I had a very short lived (freelance) career as a publisher's reader. My task was to digest 'borderline' texts and suggest why they might be published. The reason for their borderline status usually related to the fact that though the content was potentially very interesting, the texts construction, feel and quality of writing left something to be desired. Would the triumph of the former win out over the latter's faults?

The imprint was, at that time, owned by Routledge, publishers of Jung, who was always my model in arguing for the publication of a fascinating, worthwhile text badly written. Sometimes world changing thinkers, not, I confess, that I discovered any of those alas, cannot write (or, in the words of the poet, Kathleen Raine, they are compelled writers rather than compulsive ones).
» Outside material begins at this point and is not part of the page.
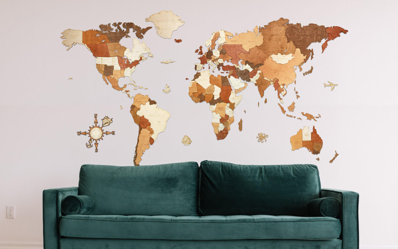 Mapawall world maps are stunning wall decos made with the highest level of wood steel and stone craftsmanship and beautiful design. Most mapawalls allow you to pinpoint specific areas on the map with our special mapawall pin. This large world map uses different shades of wood to highlight the various countries around the world.

C.S. Lewis alludes to this dilemma in his foreword to George MacDonald's fantasy novel, 'Lilith'. MacDonald is not a great writer judged by the quality of his prose (or even more so by the quality of his poetry which is frankly dire). It veers from German Romantic excess (sometimes on steroids) to the prose of a seed catalogue; however, none of this matters in the least because (as Lewis acknowledges), you are in the presence of an imagination of precise and guiding force, squeezing itself into inadequate containers. He raises the level of the writing by conferring on the reader a gift of insight and enjoyment that simply transforms everything it touches (except possibly the irruptions of the dire poems)!
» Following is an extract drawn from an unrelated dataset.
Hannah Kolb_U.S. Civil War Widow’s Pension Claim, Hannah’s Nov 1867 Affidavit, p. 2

The story involves the journey of Mr Vane, an orphaned man of leisure, to discover his ability to die to his egotistical self and discover his true life, resting in Him who has fashioned him and of Lilith's, the evil princess, and Adam's first wife's, path to redemption. A path in which the actions of Mr Vane are critical if not always conscious to Mr Vane!

It is a book replete with striking set pieces and arresting images. Most notably in the latter an image of a Protestant purgatory where hallways of the sleeping dead dream themselves into new, redeemed life.
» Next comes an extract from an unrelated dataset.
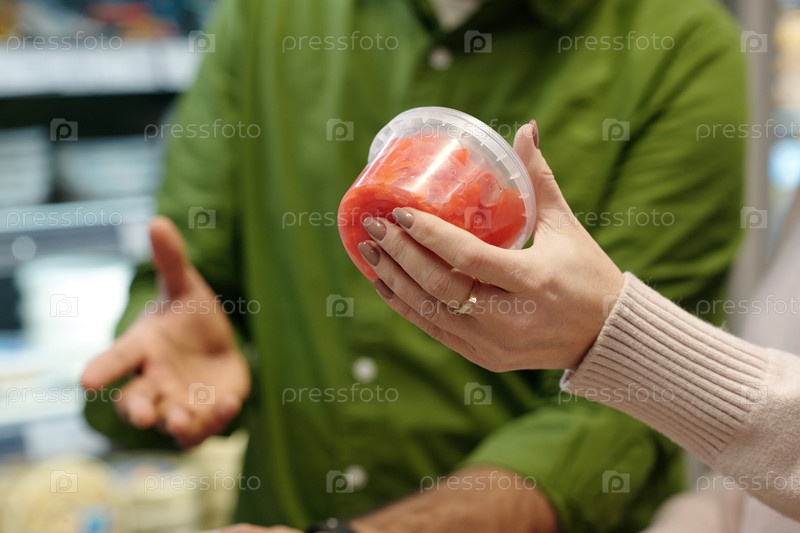 Зрелая женщина выбирает еду в супермаркете

At the heart of MacDonald's vision is the truth of the white stone that in the Book of Revelation is given to each person on which is written their unique name, known only to God. Each person is called to die into the reality of that name, shedding his or her mortal confusions and being reborn into the unique personal self they were gifted by God to be. In the course of exploring this vision, MacDonald reminds us of many of the distorting pathways we might seek that lead us away from dying into life and offer only a living death, wrapped in often compelling images - such as the city presided over by Lilith where the people live only by extraction (of gems) and eschew all creation so that creation itself has withdrawn into itself, becoming dry and barren.

Like Tagore, he reminds his audience that we must keep alight the candle of our better selves, hoping and ultimately knowing that this will dispel the darkness, even if on the way we stumble and are temporarily lost.

He is a most wonderfully gifted and visionary 'bad' writer - all faults of sense and construction swept away by his imagined, precise enthusiasm and his knowledge of souls.